▸ Exercise description
Would you please retype, exactly, the lines of the listing below between the line with "Painting and collaging" and the line with "Lars Lilholt optræder", inclusive?

▸ Dataset entries
========================

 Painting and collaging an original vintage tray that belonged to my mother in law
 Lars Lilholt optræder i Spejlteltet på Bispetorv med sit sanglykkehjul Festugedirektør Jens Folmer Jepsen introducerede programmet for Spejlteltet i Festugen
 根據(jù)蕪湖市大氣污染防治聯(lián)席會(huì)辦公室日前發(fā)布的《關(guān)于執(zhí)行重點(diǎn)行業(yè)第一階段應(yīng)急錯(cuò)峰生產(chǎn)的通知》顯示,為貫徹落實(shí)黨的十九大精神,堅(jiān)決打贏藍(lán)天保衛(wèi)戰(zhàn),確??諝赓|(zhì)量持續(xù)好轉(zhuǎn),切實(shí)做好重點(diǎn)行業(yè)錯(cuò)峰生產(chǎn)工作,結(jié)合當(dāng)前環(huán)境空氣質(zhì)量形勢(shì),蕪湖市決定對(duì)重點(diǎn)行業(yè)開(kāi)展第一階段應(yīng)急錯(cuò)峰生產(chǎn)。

========================

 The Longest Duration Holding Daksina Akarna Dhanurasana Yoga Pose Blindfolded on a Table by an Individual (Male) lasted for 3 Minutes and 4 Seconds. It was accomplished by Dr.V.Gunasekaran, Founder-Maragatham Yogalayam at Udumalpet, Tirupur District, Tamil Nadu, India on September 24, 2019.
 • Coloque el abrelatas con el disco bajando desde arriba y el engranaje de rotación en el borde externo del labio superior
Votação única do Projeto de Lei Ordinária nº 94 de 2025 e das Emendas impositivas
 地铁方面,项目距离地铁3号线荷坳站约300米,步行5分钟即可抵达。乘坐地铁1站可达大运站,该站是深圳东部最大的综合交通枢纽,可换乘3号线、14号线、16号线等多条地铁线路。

========================

▸ Response to the task
 Painting and collaging an original vintage tray that belonged to my mother in law
 Lars Lilholt optræder i Spejlteltet på Bispetorv med sit sanglykkehjul Festugedirektør Jens Folmer Jepsen introducerede programmet for Spejlteltet i Festugen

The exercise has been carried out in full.